Greece yesterday approved a bank recapitalization program. As a result some Greek bank stocks dropped in value and now trade at less than 1 percent of their pre-crisis peak values. The low stock value reflects the expectation that stockholder shares will be diluted or eliminated with the issuance of new shares.

A government investigation into the collapse of Scotland’s HBOS may result in a few more executives being barred from working in banking. Other regulators will take up that investigation in January.

London bank RBS is eliminating some bonuses that it believes drove sales representatives to sell inappropriate insurance-like services to customers that didn’t benefit from having them. Bank employees routinely mischaracterized the services in order to sell to more customers, a scandal that has embroiled the U.K. banking sector over the last five years. The sales staff will get a 5 percent raise to replace the bonus plan. RBS has also said it will stop using teaser rates on credit cards and consumer loans.

Wednesday, November 18, 2015

On Dark Days, Sweep the Floor

It was then-President George W. Bush who, on an occasion of great tragedy, famously told Americans to go to the mall. It was not the best choice of words, but the essential point holds true today. On a dark day, it is a happier approach to life to do the things you know you have to do in any case, than to sit around waiting, worrying, and pondering. This is a thought that bears repeating in the current period as we face news of man-made disasters and the work of mass murderers on a daily basis. We don’t want to be paralyzed by the rush of bad news. It is better to be doing something than nothing.
   It is a time that calls for action, but also for discretion. Some actions are better than others on days when you are more affected by the weight of the world. It is not the best time for strategic initiatives or political discourse, lest one’s actions be unduly influenced by the mood of the day. Pity the men who used the recent mass murders as an occasion to tweet that it was high time to “go do something” with their right to bear arms and their assault rifles. If they are not hauled into court as suspects in a new mass murder, at the very least the sensibilities in their comments will look less forgivable with the passage of time. 
   No, for those of us who are not within earshot of the explosions and not forced to evacuate our homes and workplaces, dark times call for us to approach our work with an emphasis on humility. We can’t know what the future will hold quite so clearly as we imagine we do on a normal day, but we still know that we are better off and the world is improved if we sweep the floor, clean the refrigerator, delete the unwanted email messages, exercise, return phone calls, get flu vaccinations where medically appropriate, and a thousand other chores and obligations as tedious as they are obvious. On a dark day, the reasons for some of these actions may not be so clear and the work may be more tiring than usual, but the doubt and fatigue do not diminish the value of tasks such as these. When tomorrow comes, we are better off for having done them today.

Sunday, November 15, 2015

Squeezing In Shopping

It’s been an obviously busy weekend at retail wherever I’ve gone, with Christmas shoppers and people buying groceries in advance of Thanksgiving, which is 11 days away. What I saw doesn’t give the impression of consumers forgetting to shop, but of trying to squeeze shopping into a packed schedule.

Friday, November 13, 2015

This Week in Bank Failures

Indicted:

  • Ten traders who worked at Deutsche Bank and Barclays, for a conspiracy to manipulate the Euribor base rate. An additional trader, apparently at a different employer, is expected to be charged next week.
  • Three men who are believed to have stolen and traded in customer data from JPMorgan Chase, The Wall Street Journal, and others.

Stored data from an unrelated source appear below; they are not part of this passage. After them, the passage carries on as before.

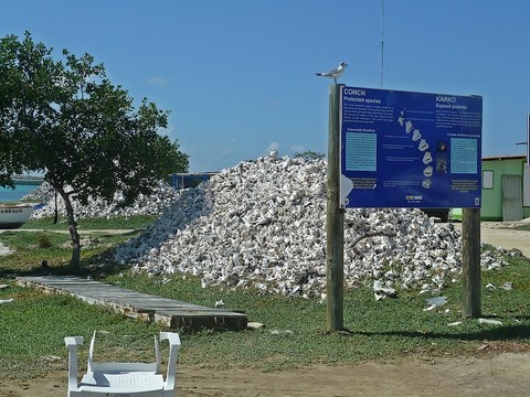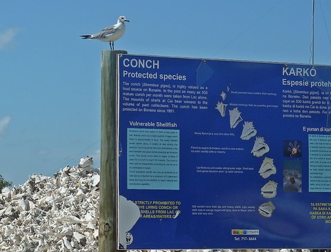 Devant 3 énormes tas de lambis , une pancarte sur la protection du lambis !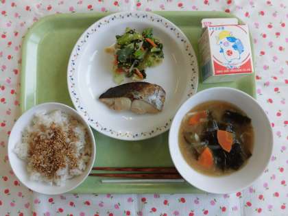 児童からは、「手作りのふりかけがおいしかった。」「みそ汁のキャベツがやわらかくておいしかった。」という感想がありました。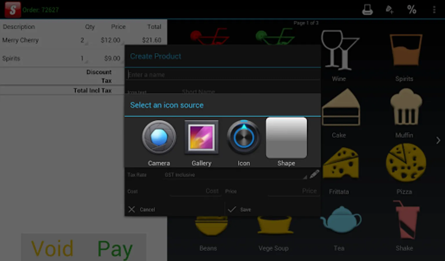Choose icons from built in shapes or photos or picture gallery. You can also apply individual colours on each item for instant recognition of each item. Items can also be defined on the fly for those custom orders that may come up.

Fighting extradition: David Drumm, former head of Anglo Irish Bank who provided rosy financial reports and engaged in under-the-table transactions while the bank was collapsing. Arrested in the United States, he is asking to be released on bail while he contests extradition to Ireland.

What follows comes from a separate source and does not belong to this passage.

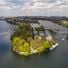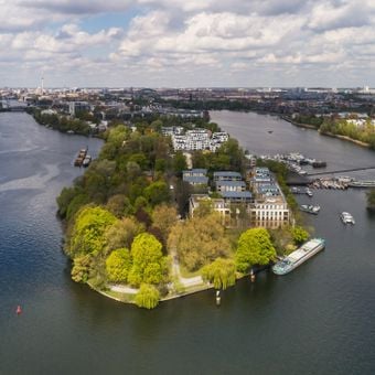 La péninsule s'étend entre la rivière Spree et le lac Rummelsburg dans l'est de Berlin, formant une masse terrestre avec des chemins le long du front d'eau.

Wednesday, November 11, 2015

Inventory Buildup at Retail as U.S. Consumers Forget to Go Shopping

Reports of a buildup of inventory at U.S. retail raise the prospect of a heavily discounted Christmas shopping season like 2007. Retailers were planning on a boost in consumer spending this year that hadn’t yet materialized in the third quarter. There are conflicting reports about what has happened in the first half of the fourth quarter. In one survey, for example, consumers indicate that they plan to spend more this holiday season than the last. Falling motor fuel prices also ought to translate to easier consumer spending. Retail reports so far show a reduced level of activity compared to last year’s holiday shopping, though, suggesting that consumers may simply be forgetting to shop.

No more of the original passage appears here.